Retail Object Detection

The retail detector models described here detect retail items within an image and return a bounding box around each detected item. The retail items are generally packaged commercial goods with barcodes and ingredients labels on them.

Two detection models are provided here. The 100-class Retail Item Detection detects 100 specific retail subjects. The Binary-class Retail Item Detection detects general retail items and returns a single category.

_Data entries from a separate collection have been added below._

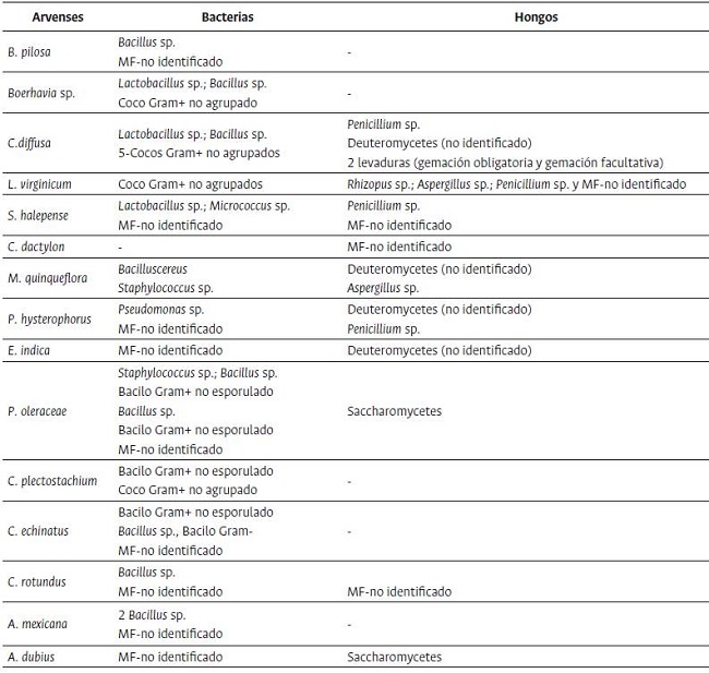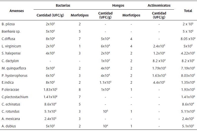 Las especies de arvenses que albergaron mayor presencia de bacterias fueron C. Plectostachium y C. diffusa mientras E. indica fue la principal para los hongos. El grupo de los actinomicetos, correspondieron a las especies L. virginicum, P. hysterophorus y E. indica.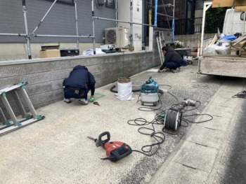 柱を立てる位置を確認し、柱基礎の穴を掘ります。
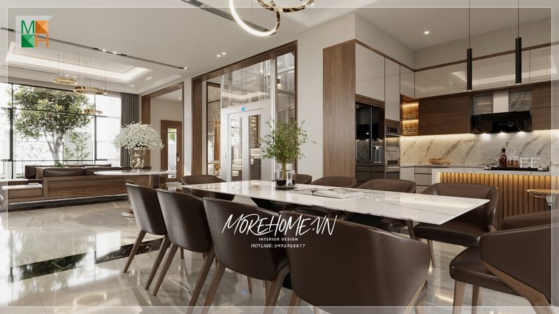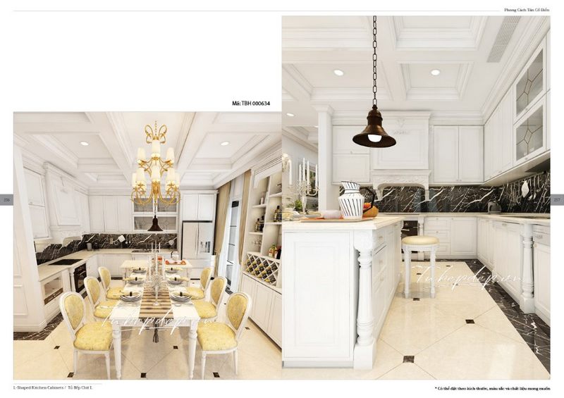 Thiết kế phòng bếp - ăn màu trắng theo phong cách tân cổ điển tương phản với đá ốp tường bếp màu đen huyền bí là lựa chọn hoàn hảo cho cả biệt thự, nhà phố, chung cư cao cấp.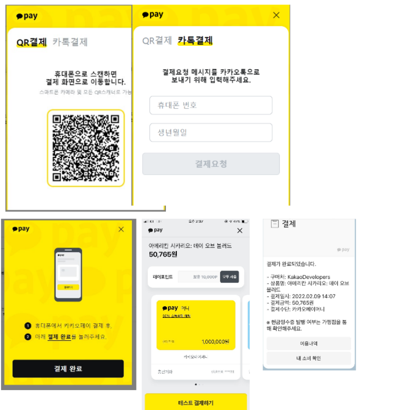 결제 버튼을 클릭하면 카카오데모API가 작동을 하고 QR스캔 혹은 핸드폰 번호를 입력하면 해당금액에 대해서 핸드폰으로 카카오 메세지가 전송이 되고, 테스트 결제하기 완료를 누르면 결제 부분에 대해서 카카오톡 메세지가 전송되고, 결제가 와료가 되면서 메인페이지로 전송된다.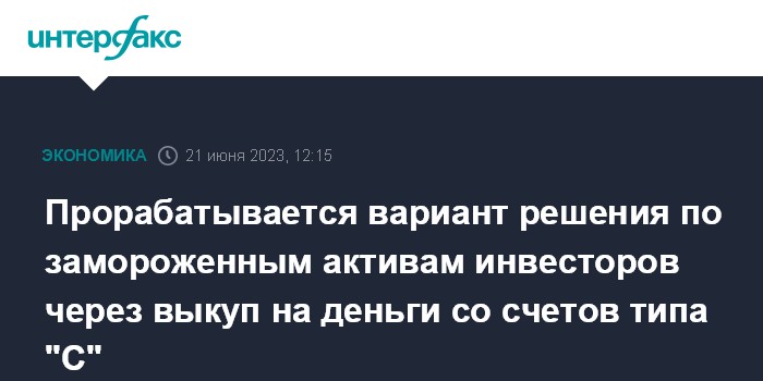 Прорабатывается вариант решения по замороженным активам инвесторов через выкуп на деньги со счетов типа "С"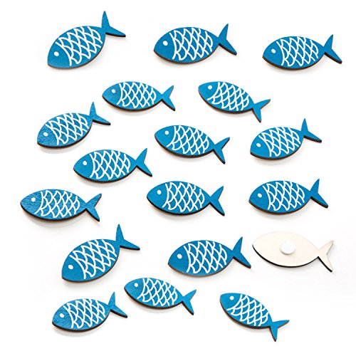Logbuch-Verlag 18 poissons bois bleu blanc 5x3cm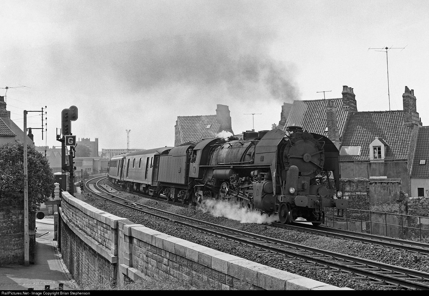 | 50 Years ago - Another 'Liberation Mikado' of the SNCF built by the Montreal Locomotive Works, No 141 R 1272 blasts away from Boulogne-Ville station with the 08.45 Paris Nord to Calais-Maritime express. Although given a major overhaul at Sotteville Works in February 1968 it was removed from service in 1971. |
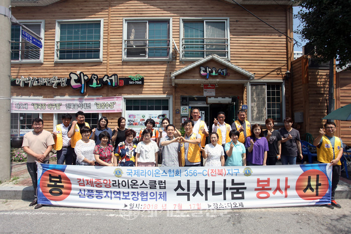 김제중앙라이온스클럽은 지난달 18일 신풍동지역사회보장협의체(이하 신풍동지사협)와 '매월 60명 홀로어르신 무료 점심대접'을 위한 업무 협약을 체결한 바 있다. 이번 식사봉사는 업무협약의 첫 행보다.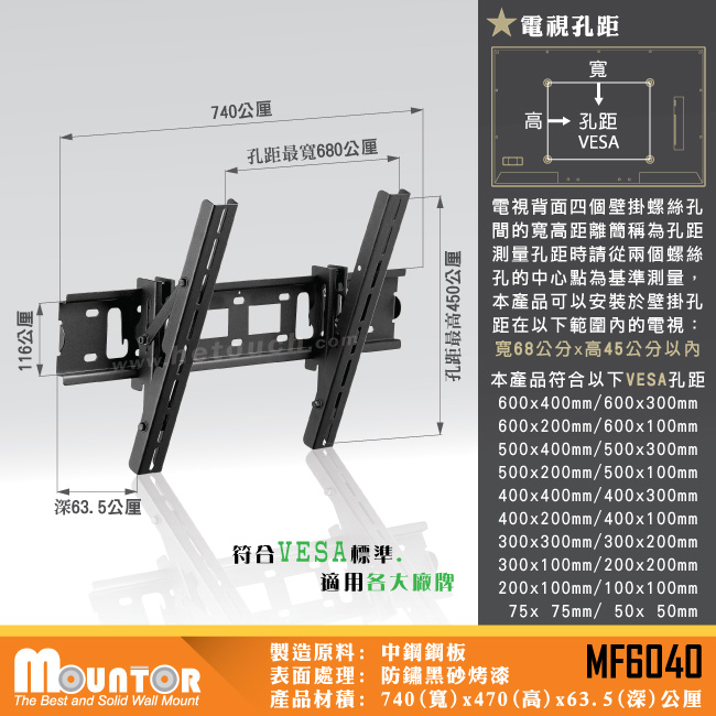 37~81"LED/LCD可調型壁掛架.電視架-MF6040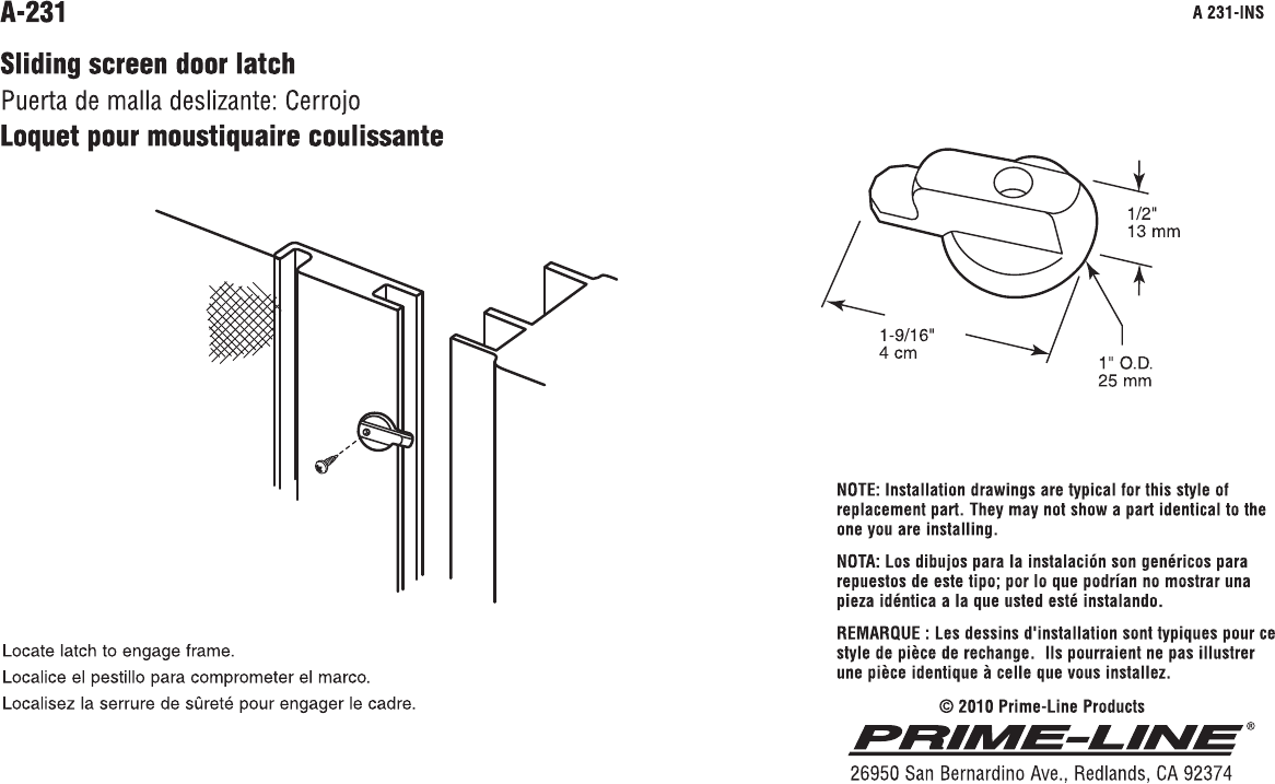 1-9/16" Stone Plastic Swinging Screen Door Latch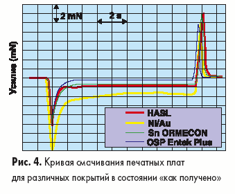 В состоянии «как получено » покрытия SN-Pb HASL, Sn Ormecon CSN и OSP Enthone Entek Plus имеют сравнимую паяемость, а Ni/Au характеризуется чуть меньшей паяемостью.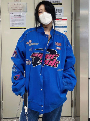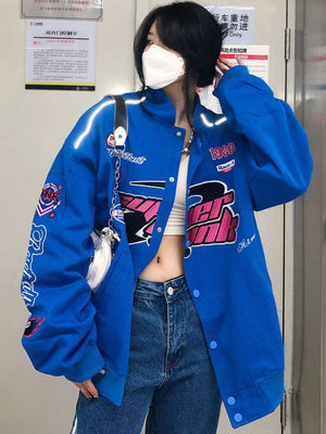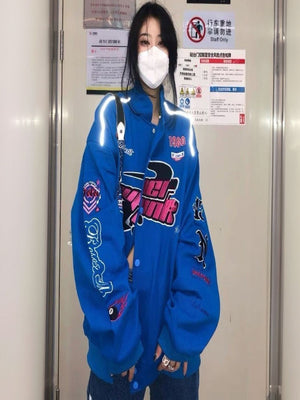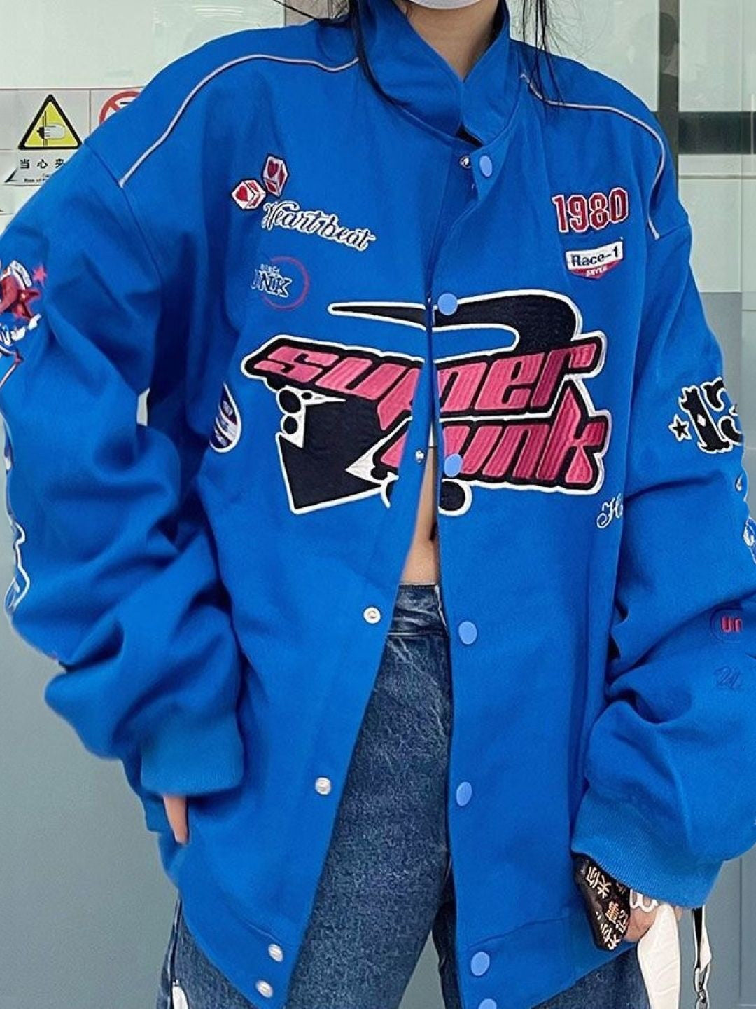 Navy Blue Collarless Long Sleeves Typography Polyester Open Front Jacket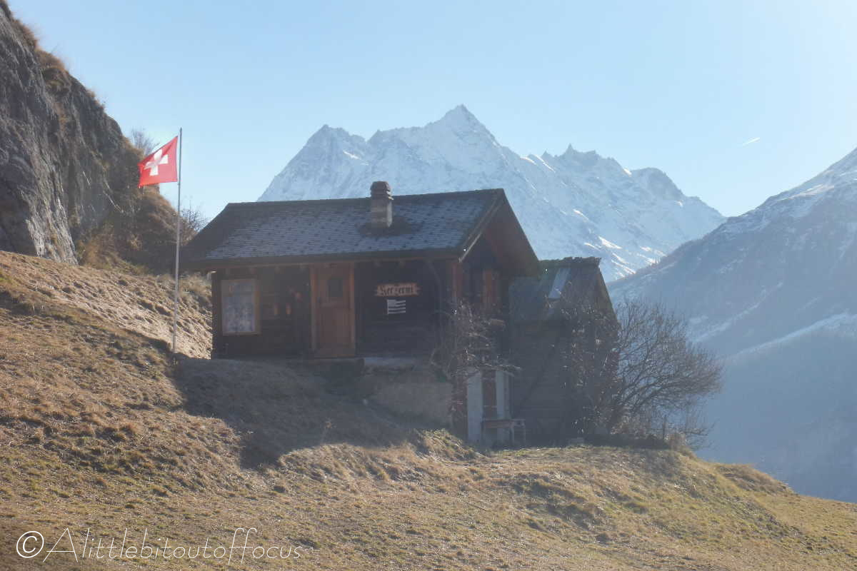 From the café/restaurant, return along the road for 100 metres to find the signpost on the right hand side. Follow this path down for just 20 metres and then turn right (sign on building). Descend to the road and cross over that, then follow the sign / path down to a raccard and another signpost (slightly back to the right). Turn left here. After approximately 500 metres (just before the track ends) there’s a signpost – turn right down here along a grassy path. This path will bring you back through the woods, past a small chapel as you near Evolène. The track comes out at the road into Evolène (just after the tunnel), so take care when walking along the road. Keep well to the left hand side, facing the traffic. Soon you will arrive back in Evolène.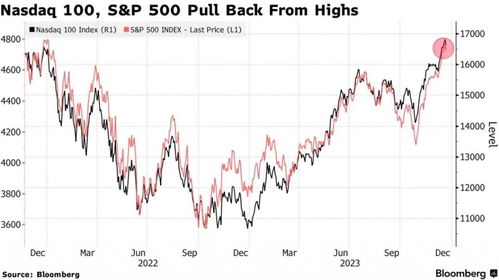 纳斯达克100指数下跌最多1.1%,标普500指数也回调超过1%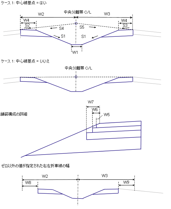 横断勾配摺り付けまたは右左折車線によって排水溝勾配の上端標高が左右で異なるために、排水溝の位置が中心から左右どちらかにずれる場合があります。この場合には、2 つのオプションが用意されています。[排水溝の勾配を保持]を[はい]に設定すると、左右両側で指定した排水溝の勾配値が固定され、排水溝の底部が中心から上端標高の低い勾配側に移動します。[いいえ]に設定すると、排水溝の底部が中央分離帯の中心になるよう調整されます。また、上端標高が低い側の勾配が固定され、高い側の勾配はそれに合わせて調整されます。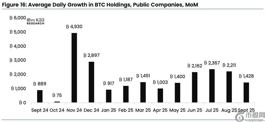 BTC 持有量日均增长情况(上市公司持仓)环比增长。图片:K33.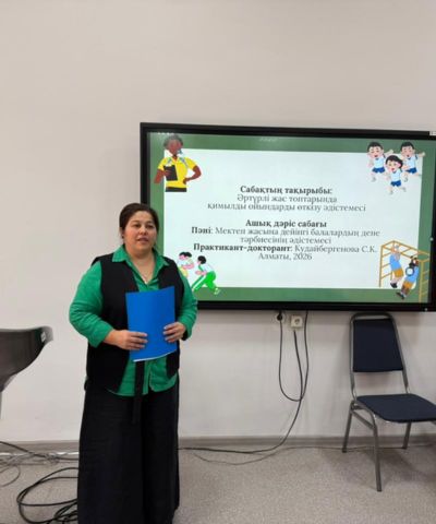 On February 4, 2026, within the framework of pedagogical practice, the Department of Preschool Education and Social Pedagogy of the Faculty of Pedagogy and Psychology at Abai Kazakh National Pedagogical University held an open lecture for 3rd-year students of the educational program 6B01201 – Preschool Education and Upbringing. The open lecture on the topic “Methodology of Conducting Outdoor Games for Different Age Groups” was delivered in the course “Methodology of Physical Education of Preschool Children” by the 2nd-year doctoral student of the educational program 8D01201 – Preschool Education and Upbringing, Sulushash Kaskyrbayevna Kudaibergenova (scientific supervisor: Candidate of Pedagogical Sciences, Associate Professor N.O.Atemkulova). The course instructor was Master’s degree holder, Senior Lecturer A.A.Auezova. The main purpose of the lecture was to form students’ theoretical knowledge about the methodology of organizing and conducting outdoor games in accordance with the age characteristics of preschool children. During the lecture, doctoral student S. Kudaibergenova actively used interactive teaching methods and various game-based technologies. The applied methods contributed to the development of students’ critical thinking and enabled them to express their opinions clearly and with justification. A total of 60 students attended the lecture. The presented material was clear, structured, engaging, and accessible. Students demonstrated a high level of activity and interest, striving to give accurate and complete answers to the lecturer’s questions, which indicated that they had successfully mastered the new material. Sulushash Kudaibergenova established effective interaction with the audience. At the end of the open lecture, students achieved the following learning outcomes: they were able to distinguish types of outdoor games according to the age characteristics of preschool children, understood the main methodological requirements for organizing outdoor games, and mastered the pedagogical principles of selecting appropriate games for each age group. In addition, students identified effective ways to apply outdoor games in their future professional activities. Feedback was collected at the end of the lecture, during which students shared their impressions and suggestions. The objectives of the lesson were fully achieved. Students mastered the topic and acquired theoretical knowledge applicable to their professional practice. The open lecture was informative, methodologically sound, and effective. The following faculty members attended the open lecture: Head of the Department, Candidate of Pedagogical Sciences, Associate Professor Ulbosyn Kozybayevna Kyyakbayeva; Doctor of Pedagogical Sciences, Professor Kadisha Kadyrovna Shalgynbayeva; Candidate of Pedagogical Sciences, Associate Professor Nazira Omarovna Atemkulova; PhD, Acting Associate Professor Galiya Turysbekovna Abilbakiyeva; Master’s degree holder, Senior Lecturer Auezova Aizhan Abildayevna; Master’s degree holder, Senior Lecturer Zhanna Zhetkerbaykyzy Asankhanova; and doctoral student Farida Omarbekova. The participants discussed the lecture and shared their professional opinions.
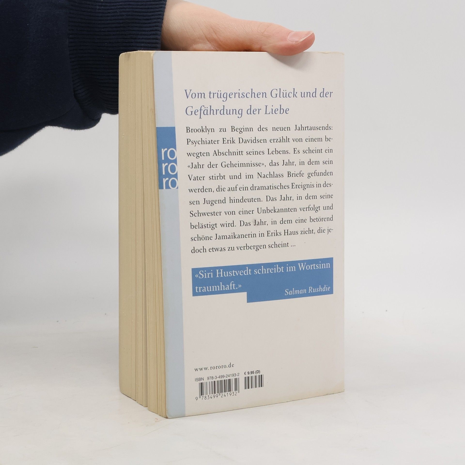 Vom trügerischen Glück und der Gefährdung der Liebe Brooklyn zu Beginn des neuen Jahrtausends: Psychiater Erik Davidsen erzählt von einem bewegten Abschnitt seines Lebens. Es scheint ein «Jahr der Geheimnisse», das Jahr, in dem sein Vater stirbt und im Nachlass Briefe gefunden werden, die auf ein dramatisches Ereignis in dessen Jugend hindeuten. Das Jahr, in dem seine Schwester von einer Unbekannten verfolgt und belästigt wird. Das Jahr, in dem eine betörend schöne Jamaikanerin in Eriks Haus zieht, die jedoch etwas zu verbergen scheint ...«Siri Hustvedt schreibt im Wortsinn traumhaft.» Salman Rushdie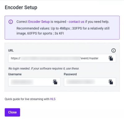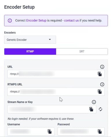 The modal should default to the "Generic Encoder (RTMP or SRT)" setting. Here you will find the URL and Stream Name or Key to enter into your streaming software.

These models are based on EfficientDet-D5. EfficientDet is a one-stage detector with the following architecture components:

NvImageNet-pretrained EfficientNet-B5 backbone
Weighted bi-directional feature pyramid network (BiFPN)
Bounding and classification box head
A compound scaling method that uniformly scales the resolution, depth, and width for all backbone, feature network, and box/class prediction networks at the same time

Model Card

More details on the models can be found on the model card.

Deploy With DeepStream

Input

RGB Image of dimensions: 416 X 416 X 3 (W x H x C) Channel Ordering of the Input: NCHW, where N = Batch Size, C = number of channels (3), H = Height of images (416), W = Width of the images (416) Input scale: 1.0 Mean subtraction: 0.

Output

Category labels and bounding-box coordinates for each detected retail item in the input image.

To deploy these models with the Perception App, please follow the config below to override the configuration:

property:
    gpu-id: 0
    net-scale-factor: 1
    offsets: 0;0;0
    model-color-format: 0
    tlt-model-key: nvidia_tlt
    tlt-encoded-model: ../../models/retailDetector/retailDetector_100.etlt
    model-engine-file: ../../models/retailDetector/retailDetector_100.etlt_b1_gpu0_fp16.engine
    labelfile-path:    ../../models/retailDetector/retailDetector_100_labels.txt
    network-input-order: 1
    infer-dims: 3;416;416
    maintain-aspect-ratio: 1
    batch-size: 1
    ## 0=FP32, 1=INT8, 2=FP16 mode
    network-mode: 2
    num-detected-classes: 100
    interval: 0
    cluster-mode: 3
    output-blob-names: num_detections;detection_boxes;detection_scores;detection_classes
    parse-bbox-func-name: NvDsInferParseCustomEfficientDetTAO
    custom-lib-path: ../../post_processor/libnvds_infercustomparser_tao.so
    #Use the config params below for NMS clustering mode
class-attrs-all:
    pre-cluster-threshold: 0.5

Note

The sample perception app have configuration file examples packaged under /opt/nvidia/deepstream/deepstream/sources/apps/sample_apps/deepstream-fewshot-learning-app/configs/fsl/fsl_pgie_config.txt.

The “Deploying to DeepStream” chapter of TAO User Guide provides more details.